Have the folks at XLABS really achieved 99.92% compression? - taylodl
http://www.theserverside.com/feature/Has-a-New-York-startup-achieved-a-99-compression-rate

======
chriswarbo
> On an ordinary Windows laptop, Saldana used the command line to invoke a
> utility that created a compressed file from my original video file.

> the compressed file size was about 4 KB.

> On the same Windows laptop, Saldana invoked another utility that
> uncompressed the 4 KB file. Uncompressing took about 10 seconds. The
> uncompressed file was identical to the original file.

Occam's razor: the "compressed" version was a link (shortcut, symlink,
hyperlink, whatever) to the original.

> Despite maintaining a healthy skepticism, I have two reasons for believing
> the files were identical. First, Saldana played the uncompressed video on
> the Windows laptop. The uncompressed video looked exactly like the original
> video. That was nice, but it didn't prove anything. I wouldn't be able to
> identify an unfaithful video copy if it bit me on the nose.

> The second proof that the original and compressed files were identical was
> much more compelling. Saldana put the uncompressed file on my own USB drive.
> Later that day, on my own computer, I ran the uncompressed and compressed
> files through a bit-by-bit comparison program. Sure enough, the two files
> contain the exact same sequence of 0s and 1s.

> It should be noted that for security reasons, Saldana didn't copy the 4 KB
> compressed file to my USB drive, so I don't know what bit sequence was
> inside the 99.78% compressed file.

All of this is consistent with the file being a link.

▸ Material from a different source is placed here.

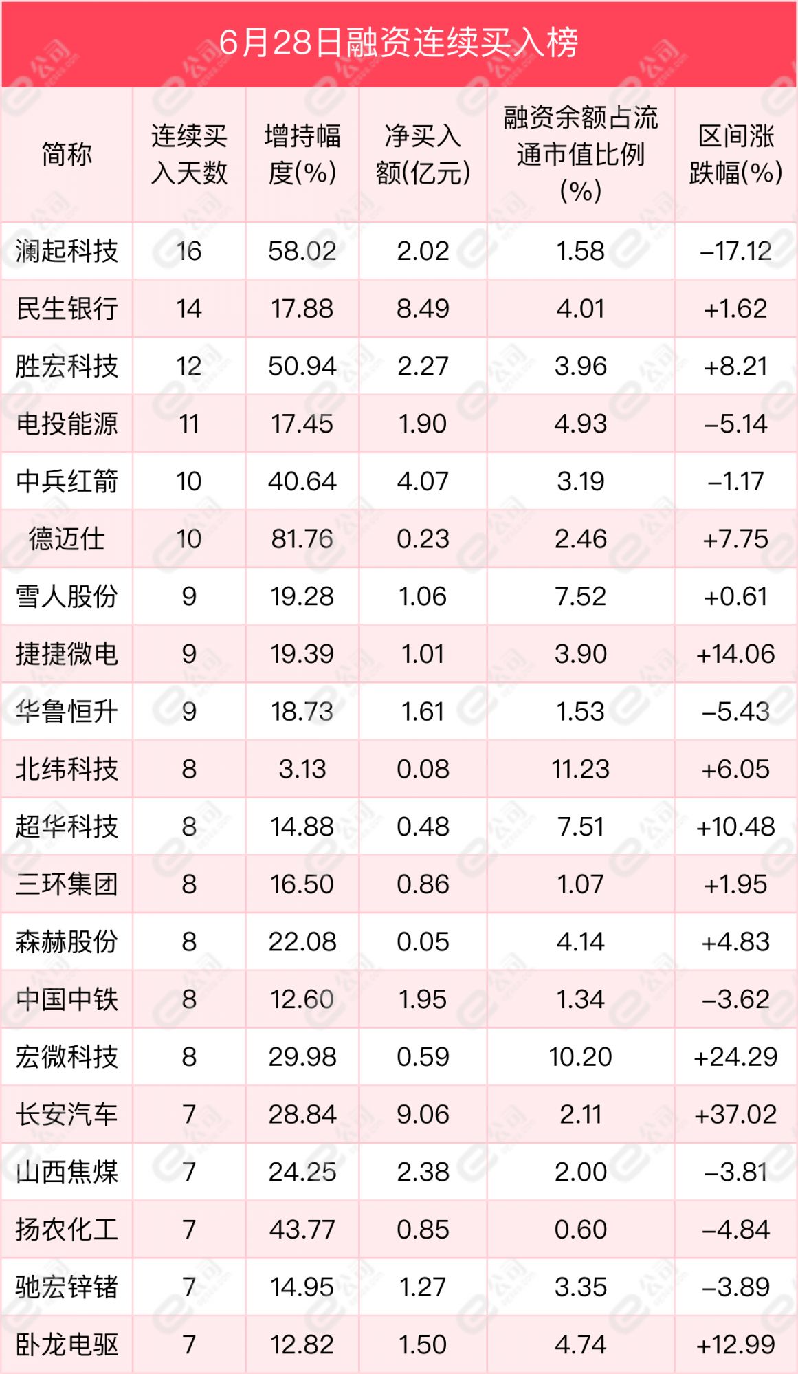 从连续买卖来看,澜起科技、民生银行、胜宏科技获融资连续净买入天数居前,分别为16天、14天、12天,期间净买入额分别为2.02亿元、8.49亿元、2.27亿元,期间增持幅度分别为58.02%、17.88%、50.94%。

A more thorough test would have performed the compression and decompression on
two different, non-networked machines, so that the only information available
to the decompressor is the 4K file.

After that, we need to start removing layers which can be used to obscure the
results, eg. performing a more low-level analysis of the compressed version,
using machines which the authors have no access to (eg. to avoid a hacked
OS/driver which reports false file sizes)

------
xilinx_guy
This is a pretty serious scam, and not the first that revolves around video
compression. Barry Burd ( is that his real name?) is just a clueless tech
journalist without the background or skepticism to realize how many times this
scam has been launched. Some examples.. Madison Priest and his "magic box".
David Kim Stanley and Pixelon. Adam Clark and the Tolly Group. Or Raystream:
[https://news.ycombinator.com/item?id=3211630](https://news.ycombinator.com/item?id=3211630)

------
gesman
Video streaming does not need lossless compression especially over the
internet (unless of course it's really is 99% - then why not!)

But leaving this aside - more independent tests are needed to prove these
claims.

------
JoeAltmaier
NO. Hoax.